The measure by Sen. Mark Leno (D-San Francisco) fell 14 votes short of the 41 needed to pass the Assembly after a coalition of banks, securities firms, home builders and business associations fielded squads of lobbyists to work against the bill, SB 1275. The bankers argue that the bill, if it becomes law, would make the foreclosure process overly complex and litigious.
‘They put a lot of fear into people, and they abstained from voting,’ said Leno, who is hoping to change the minds of Democratic members over the next few days. ‘We’re not through with this.’
The bill would require mortgage servicers to give borrowers a decision on a request for a loan modification –- making it easier to make monthly payments –- before the foreclosure process can get started.
Leno and his co-author, Senate President Pro Tem Darrel Steinberg (D-Sacramento), along with their consumer advocate allies, contend that the bill is needed to protect property owners whose homes are sold out from under them before their loan modification requests can be a processed.

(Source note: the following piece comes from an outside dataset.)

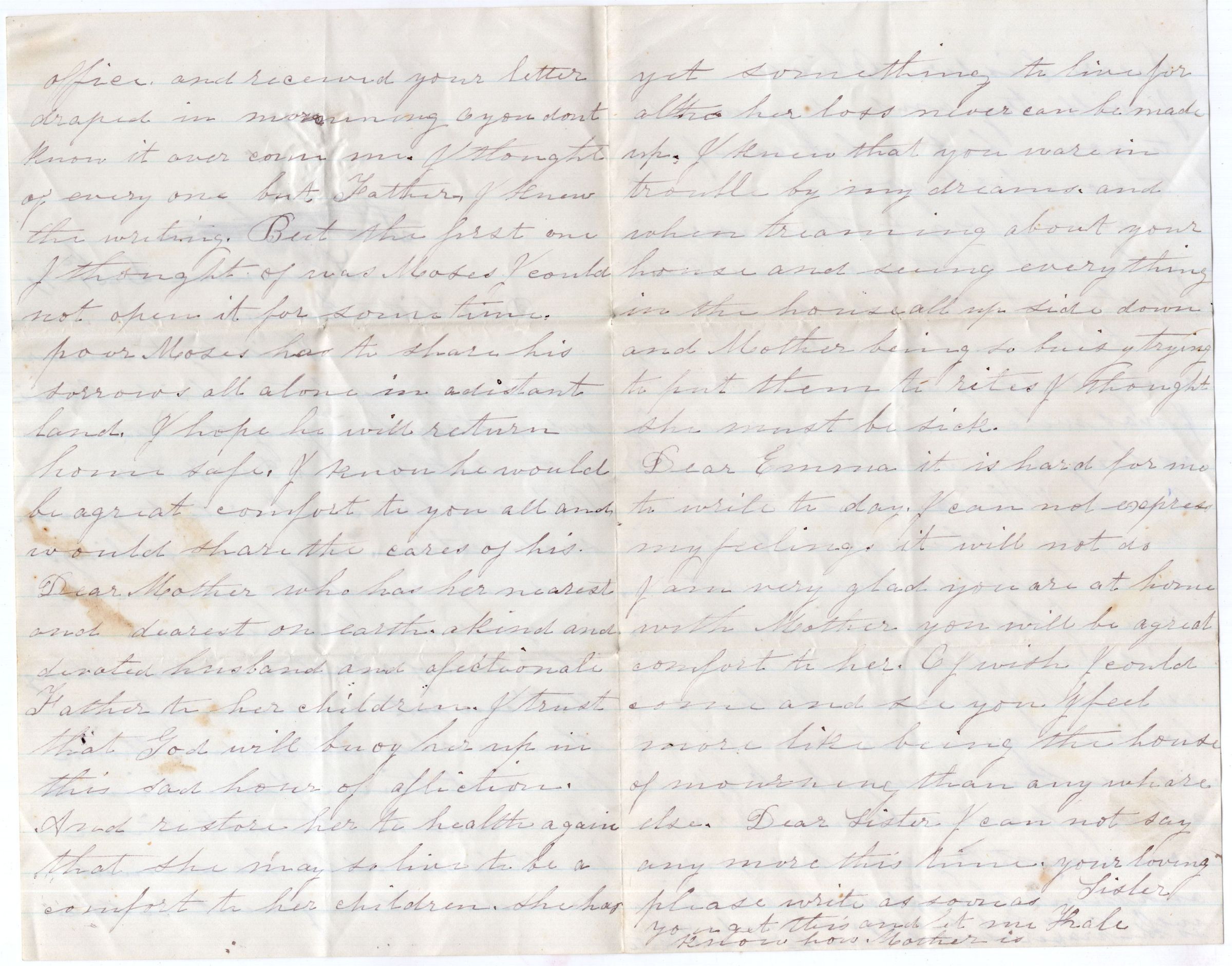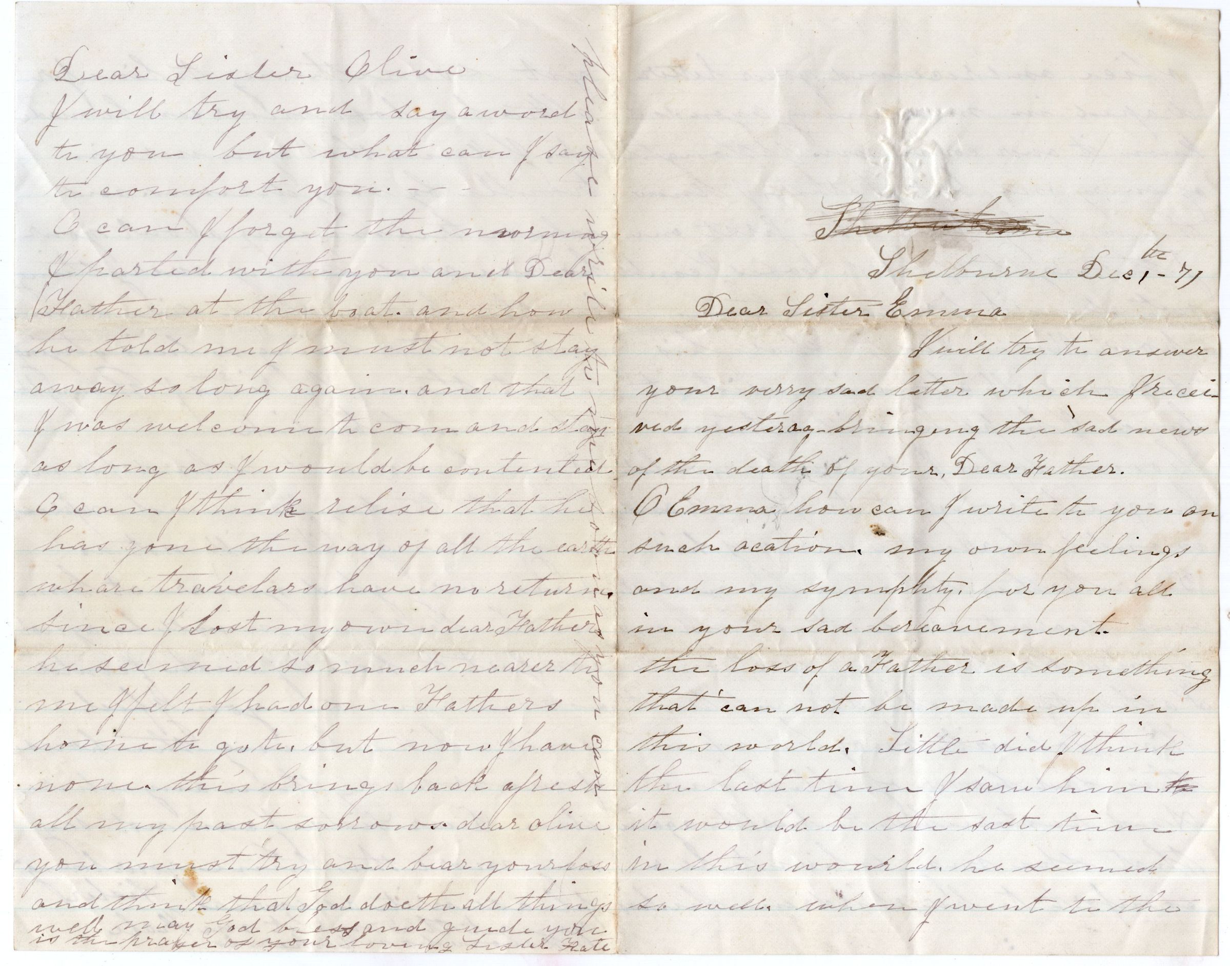 Knight Collection - 1871 Letter; Dated December 1st; Written by Kate Drinkwater to Olive Drinkwater (Knight) and Emma Drinkwater (Dyer); Kate is possibly the widow of their late brother Roscoe who died in 1867; the letter is in sympathy for losing their father, Robert Drinkwater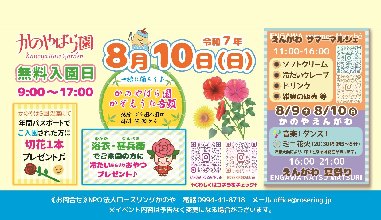 かのやばら園 無料入園日2025年8月10日のご案内

‘This is a fairly modest reform,’ said Paul Leonard, director of the Center for Responsible Lending in Oakland.
Bankers dislike the proposal because it would give aggrieved homeowners the right to sue for monetary damages and to seek an injunction to delay or void a foreclosure.
‘It would create an environment where you would see a lot of unnecessary lawsuits,’ said Dustin Hobbs, a spokesman for the California Mortgage Bankers Assn. ‘As frivolous as they may be, they all have to be defended. That’s going to cost companies money, which in turn, is going to raise the cost of lending.’